** Exercise requirements **
With the images left out, print every entry that follows exactly.

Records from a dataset
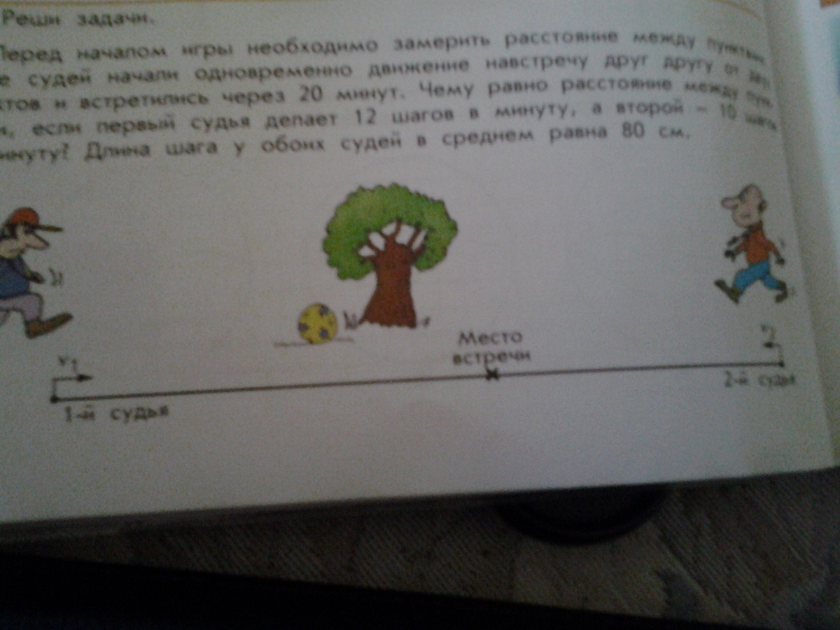 перед началом игры необходимо замерить расстояние между пунктами.Двое судей начали одновременно движение на встречу друг другу от двух пунктов и встретились через 20 минут.Чему равно расстояние между пунктами,если первый судья делает 12 шагов в минуту,а второй 10 шагов в минуту?Длина шага у обоих судей в среднем равна 80 см.
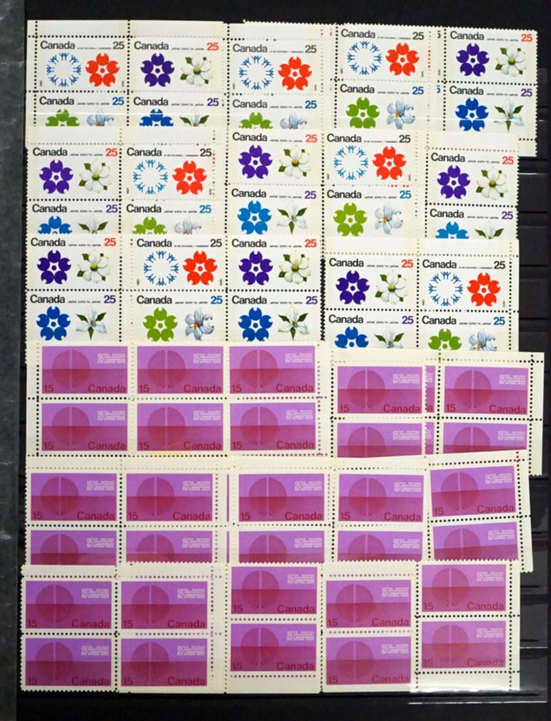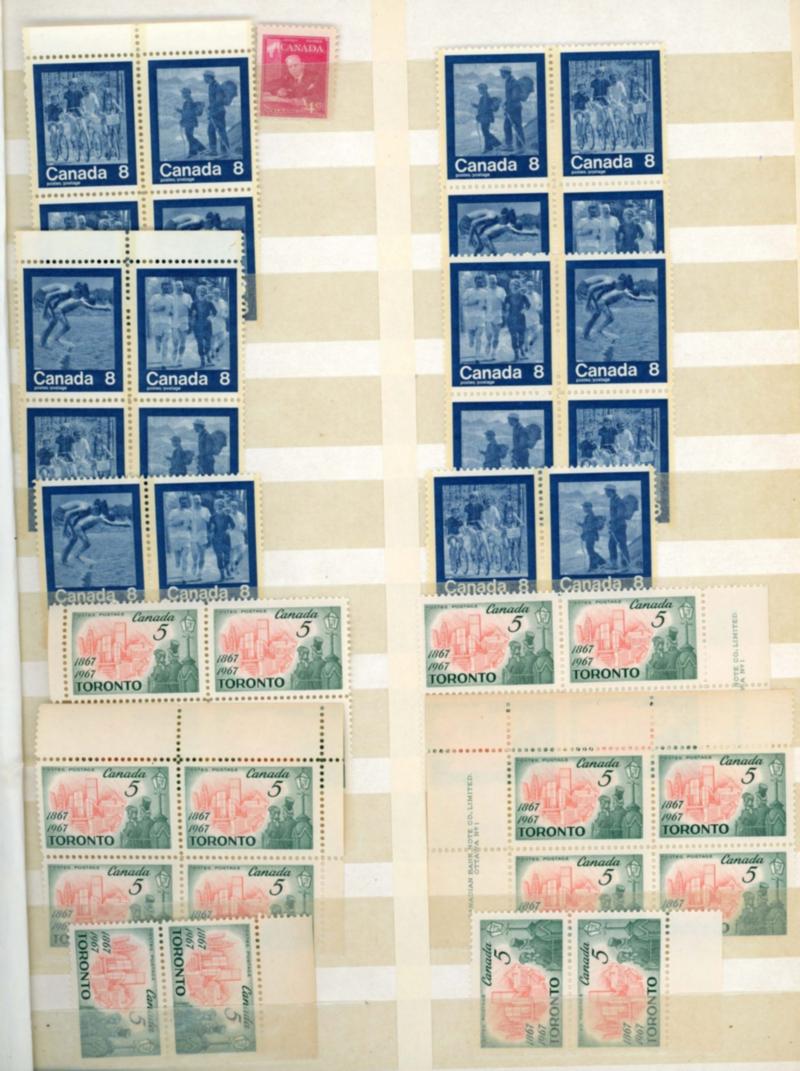 CANADA FACE VALUE ACCUMULATION STAMPS VF **. Stockbook containing mint never hinged tagged stamps mostly all in blocks or corner blocks. Large duplication. Total face value is $582.86. (Image1)
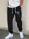 Plus Size Men's Black Jogger Pants, Brand Printed Sweatpants, Casual Street Style
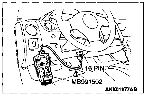 1. Connect scan tool MB991502 to the data link connector.
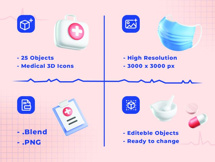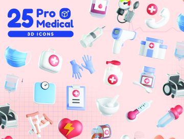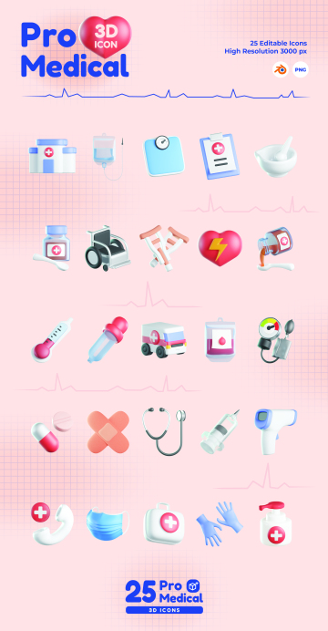 图穷联素材库 » 高质量Blender三维渲染卡通口罩额温枪医药箱医疗主题3D
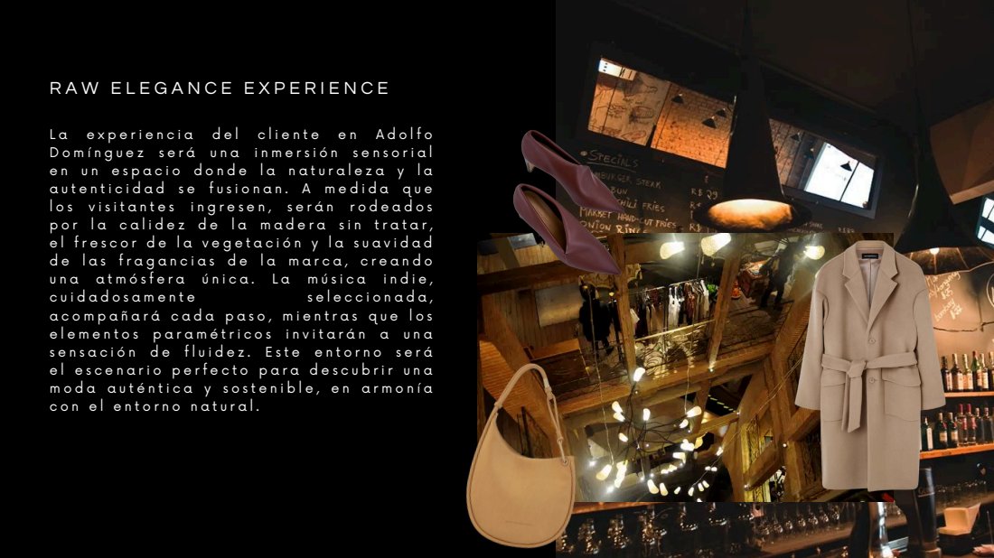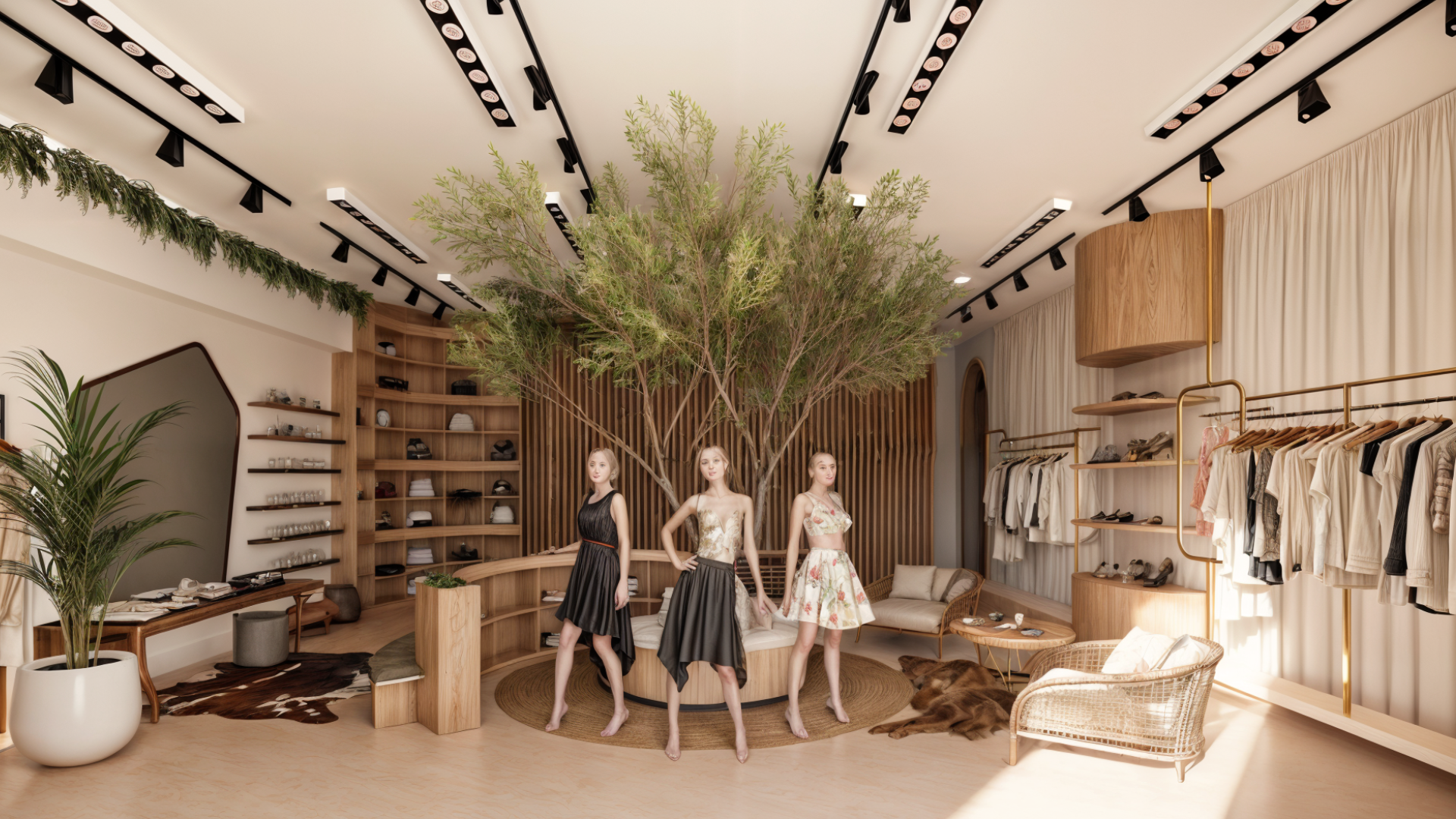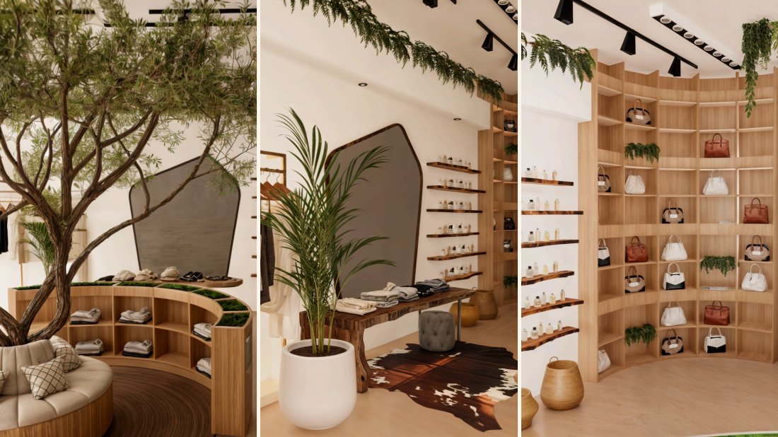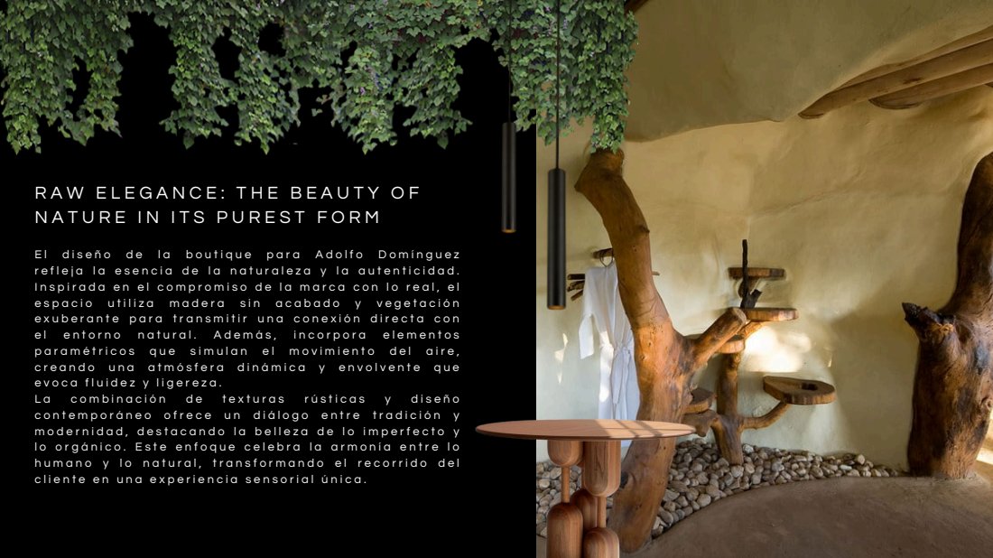 El diseño de la boutique para Adolfo Domínguez refleja la esencia de la naturaleza y la autenticidad. Inspirada en el compromiso de la marca con lo real, el espacio utiliza madera sin acabado y vegetación exuberante para transmitir una conexión directa con el entorno natural. Además, incorpora elementos paramétricos que simulan el movimiento del aire, creando una atmósfera dinámica y envolvente que evoca fluidez y ligereza.

** Completed exercise **
 перед началом игры необходимо замерить расстояние между пунктами.Двое судей начали одновременно движение на встречу друг другу от двух пунктов и встретились через 20 минут.Чему равно расстояние между пунктами,если первый судья делает 12 шагов в минуту,а второй 10 шагов в минуту?Длина шага у обоих судей в среднем равна 80 см.
 CANADA FACE VALUE ACCUMULATION STAMPS VF **. Stockbook containing mint never hinged tagged stamps mostly all in blocks or corner blocks. Large duplication. Total face value is $582.86. (Image1)
 Plus Size Men's Black Jogger Pants, Brand Printed Sweatpants, Casual Street Style
 1. Connect scan tool MB991502 to the data link connector.
 图穷联素材库 » 高质量Blender三维渲染卡通口罩额温枪医药箱医疗主题3D
 El diseño de la boutique para Adolfo Domínguez refleja la esencia de la naturaleza y la autenticidad. Inspirada en el compromiso de la marca con lo real, el espacio utiliza madera sin acabado y vegetación exuberante para transmitir una conexión directa con el entorno natural. Además, incorpora elementos paramétricos que simulan el movimiento del aire, creando una atmósfera dinámica y envolvente que evoca fluidez y ligereza.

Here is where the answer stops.